Nearly half the world’s population will be connected to the internet by the end of 2016, according to the annual Measuring the Information Society Report released today by the United Nation’s International Telecommunications Union (ITU).

Much of this may be attributable to the rise of mobile penetration, with the ITU reporting those rates are steadily rising; or at the very least the number of mobile-cellular subscriptions has been steadily climbing.

Says the report:

At the end of 2016, there are almost as many mobile-cellular subscriptions as people on earth and 95% of the global population lives in an area that is covered by a mobile-cellular signal.

The rate of mobile adoption is higher in certain countries than the number of citizens who have bank accounts or bank access, a fact that leads to the prevalence of mobile payment and remittance services such as Kenya’s M-Pesa service.

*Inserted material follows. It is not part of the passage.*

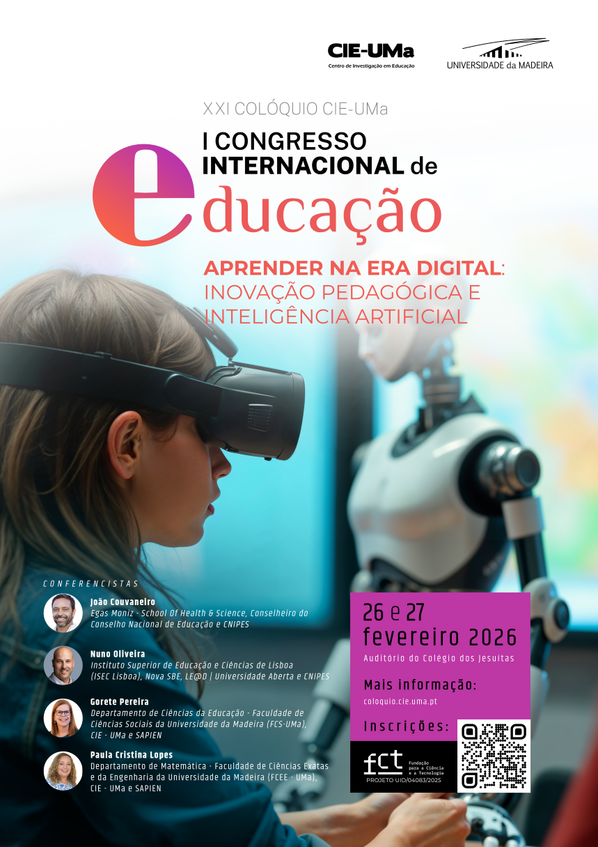 O XXI Colóquio do Centro de Investigação em Educação da Universidade da Madeira (CIE-UMa) realiza-se em conjunto com o I Congresso Internacional de Educação, nos dias 26 e 27 de fevereiro, sob o tema “Aprender na Era Digital: Inovação Pedagógica e Inteligência Artificial”.

However, as the ITU points out in its flagship survey, many people have multiple mobile subscriptions as well as multiple Internet-connected devices, so separate metrics to measure global mobile adoption may be required in the future.

By the end of 2016, the ITU predicts that around 3.5 billion people will have internet access.

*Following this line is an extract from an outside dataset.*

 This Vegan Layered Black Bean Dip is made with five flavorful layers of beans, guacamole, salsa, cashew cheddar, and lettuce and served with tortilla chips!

47% of the global population is now online—which is certainly progress, but also means that over half of the world’s population, or roughly 3.9 billion people, is not. The ITU’s target for online access in 2020 is 60% of the world’s population.

The report also states that while internet accessibility is high due to the spread of these mobile networks, internet use remains fairly low. From the report:

In 2016, mobile-broadband networks covered 84% of the world’s population, yet with 47.1% Internet user penetration, the number of Internet users remain well below the number of people with network access. While infrastructure deployment is crucial, high prices and other barriers remain important challenges to getting more people to enter the digital world.

Due to these cost and infrastructure barriers, according to the report, some countries are trailing behind, stating that “internet penetration levels in LDCs [lesser-developed countries] have reached the level enjoyed by developed countries in 1998.”